Silver Table

In [0]:
from pyspark.sql.functions import *

orders_df = spark.table("ecommerce.bronze_olist.orders")

Applying Silver transformations (for business-safe)

In [0]:
orders_clean_df = (
    orders_df
    .withColumn("order_purchase_ts", to_timestamp("order_purchase_timestamp"))
    .withColumn("order_approved_ts", to_timestamp("order_approved_at"))
    .withColumn("order_delivered_customer_ts", to_timestamp("order_delivered_customer_date"))
    .withColumn("order_estimated_delivery_ts", to_timestamp("order_estimated_delivery_date"))
    .dropDuplicates(["order_id"])
)

Creating the Silver schema

In [0]:
%sql
CREATE SCHEMA IF NOT EXISTS ecommerce.silver_olist;

In [0]:
from pyspark.sql.functions import *

orders_df = spark.table("ecommerce.bronze_olist.orders")

In [0]:
orders_clean_df = (
    orders_df
    .withColumn("order_purchase_ts", to_timestamp("order_purchase_timestamp"))
    .withColumn("order_approved_ts", to_timestamp("order_approved_at"))
    .withColumn("order_delivered_customer_ts", to_timestamp("order_delivered_customer_date"))
    .withColumn("order_estimated_delivery_ts", to_timestamp("order_estimated_delivery_date"))
    .dropDuplicates(["order_id"])
)

In [0]:
orders_clean_df.write \
    .format("delta") \
    .mode("overwrite") \
    .saveAsTable("ecommerce.silver_olist.orders_clean")

In [0]:
%sql
SELECT COUNT(*) FROM ecommerce.silver_olist.orders_clean;

COUNT(*)
99441


orders_clean Silver table created successfully

Creating customers_clean (Silver) to: Removes duplicates, Standardizes columns, and it Becomes the dimension table for joins

Read Bronze customers

In [0]:
customers_df = spark.table("ecommerce.bronze_olist.customers")
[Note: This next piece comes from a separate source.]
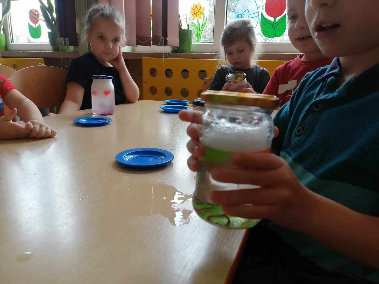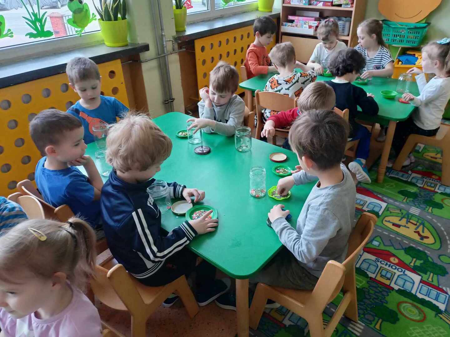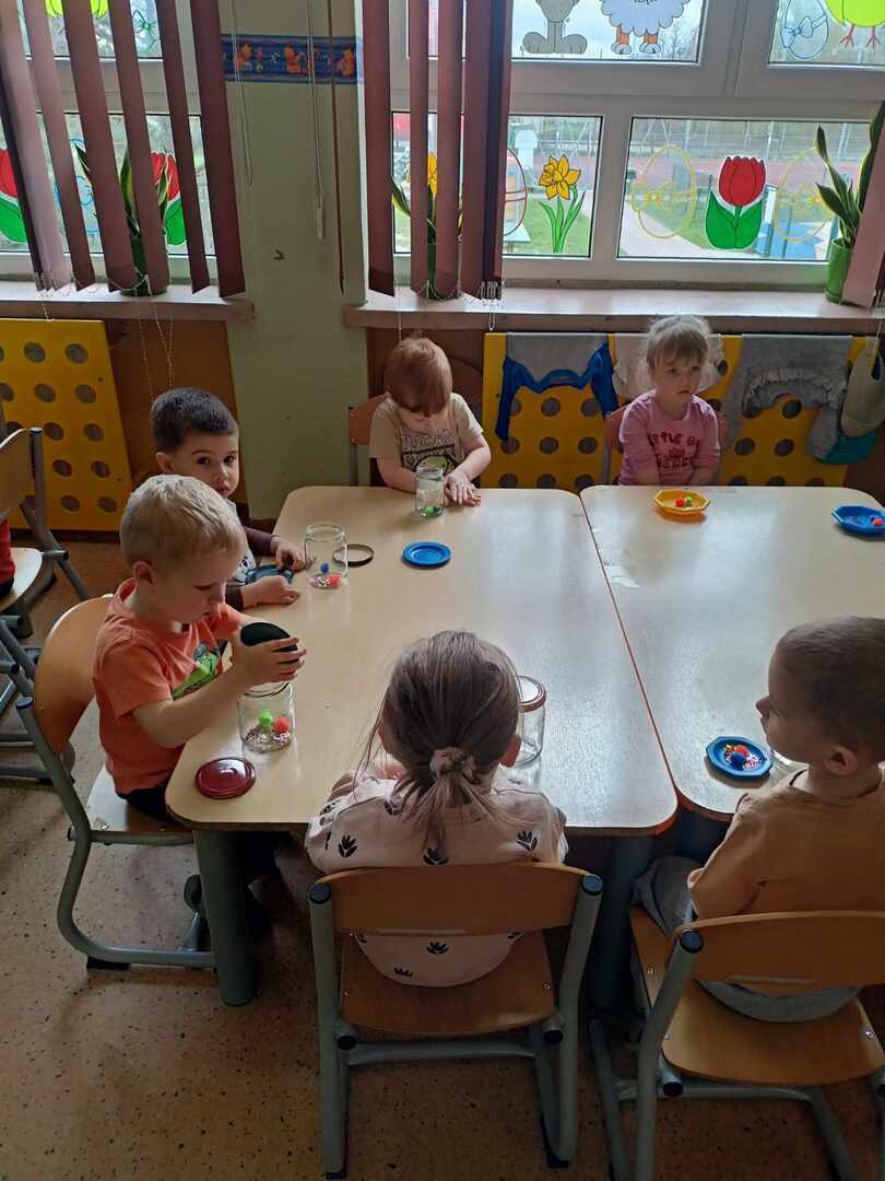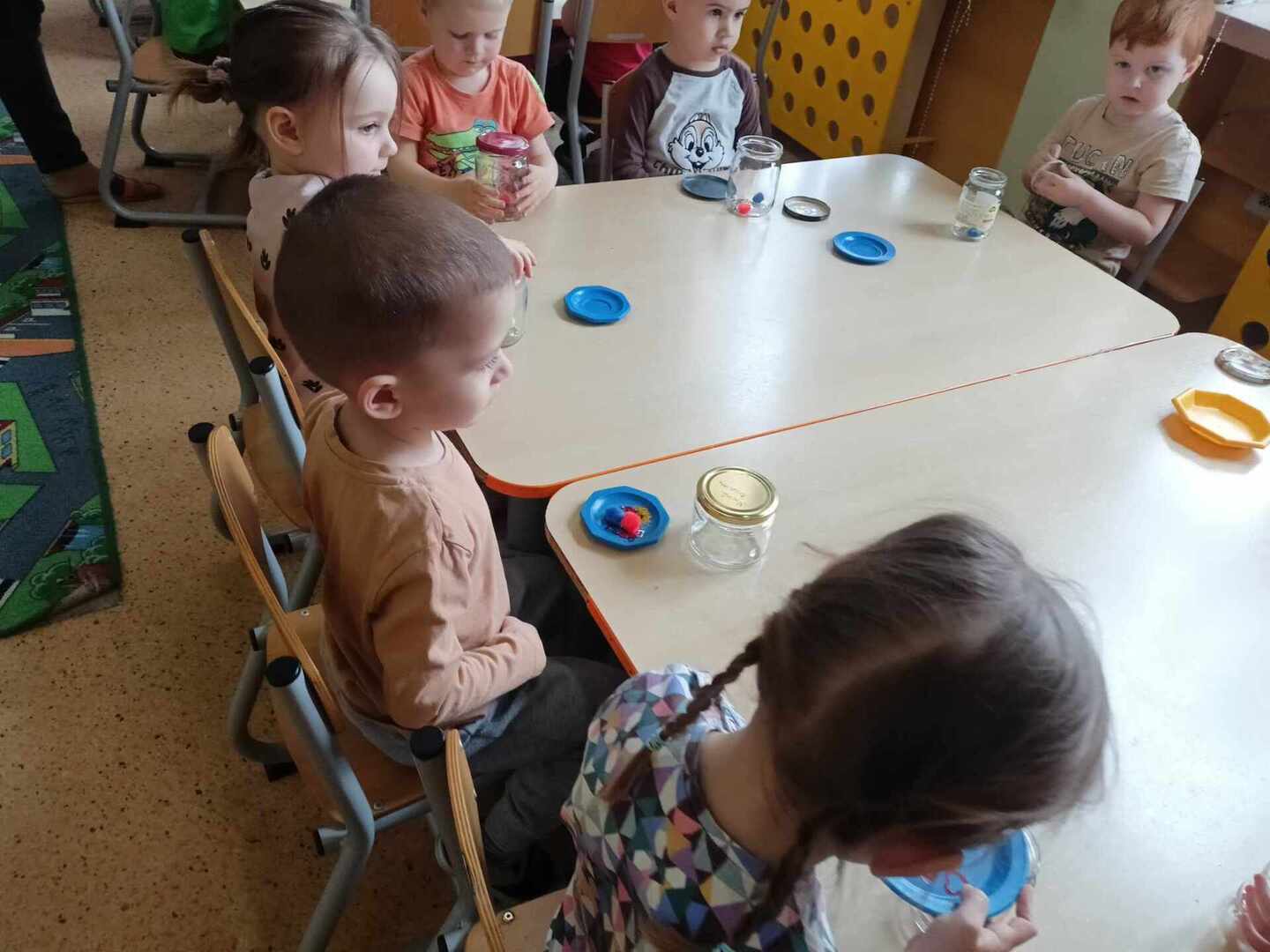Ostatnią omawianą emocją przez wszystkie grupy przedszkolne była bardzo pożądana przez wszystkich emocja: spokój. Dzieci obejrzały bajkę relaksacyjną z morałem "Dwie sowy". Ponadto uczyły się technik relaksacyjnych i oddechowych: dmuchały piórko, oddychały wodząc palcem po dłoni udając wspinającą sie mrówkę. Jednak najwięcej radości sprawiły słoiki spokoju z brokatem, które symbolizują nasze wzburzone emocje i zachowania oraz mają służyć do uspoakajania i relaksacji w domu.

Clean customers (Silver logic) for Deduplication and Column standardization

In [0]:
customers_clean_df = (
    customers_df
    .dropDuplicates(["customer_id"])
    .withColumnRenamed("customer_zip_code_prefix", "zip_code_prefix")
)

Write Silver table

In [0]:
customers_clean_df.write \
    .format("delta") \
    .mode("overwrite") \
    .saveAsTable("ecommerce.silver_olist.customers_clean")

Verifying with SQL

In [0]:
%sql
SELECT COUNT(*) FROM ecommerce.silver_olist.customers_clean;

COUNT(*)
99441


Now Creating orders_with_customers (FIRST JOIN)

In [0]:
orders_with_customers_df = (
    spark.table("ecommerce.silver_olist.orders_clean").alias("o")
    .join(
        spark.table("ecommerce.silver_olist.customers_clean").alias("c"),
        col("o.customer_id") == col("c.customer_id"),
        "left"
    )
)

Joined Silver Table

In [0]:
from pyspark.sql.functions import col

orders_with_customers_df = (
    spark.table("ecommerce.silver_olist.orders_clean").alias("o")
    .join(
        spark.table("ecommerce.silver_olist.customers_clean").alias("c"),
        col("o.customer_id") == col("c.customer_id"),
        "left"
    )
    .drop(col("c.customer_id"))   # 👈 THIS fixes the issue
)

In [0]:
orders_with_customers_df.write \
    .format("delta") \
    .mode("overwrite") \
    .saveAsTable("ecommerce.silver_olist.orders_with_customers")

In [0]:
%sql
SELECT COUNT(*) FROM ecommerce.silver_olist.orders_with_customers;

COUNT(*)
99441


Silver orders_with_customers table created successfully

SILVER DELIVERY-DELAY LOGIC

Read the Silver Base Table

In [0]:
from pyspark.sql.functions import *

orders_wc_df = spark.table(
    "ecommerce.silver_olist.orders_with_customers"
)

Applying delivery-delay business logic | Delay = actual delivery date − estimated delivery date

If delay > 0 → order is delayed

Handle null deliveries safely

In [0]:
orders_delivery_status_df = (
    orders_wc_df
    .withColumn(
        "delivery_delay_days",
        datediff(
            col("order_delivered_customer_ts"),
            col("order_estimated_delivery_ts")
        )
    )
    .withColumn(
        "is_delayed",
        when(col("delivery_delay_days") > 0, 1).otherwise(0)
    )
)

Write the New Silver Table

In [0]:
orders_delivery_status_df.write \
    .format("delta") \
    .mode("overwrite") \
    .saveAsTable(
        "ecommerce.silver_olist.orders_delivery_status"
    )

Verify

In [0]:
%sql
SELECT 
  COUNT(*) AS total_orders,
  SUM(is_delayed) AS delayed_orders
FROM ecommerce.silver_olist.orders_delivery_status;

total_orders,delayed_orders
99441,6535


An order is delayed if the actual delivery date exceeds the estimated delivery date. 
**Silver delivery-delay table created successfully**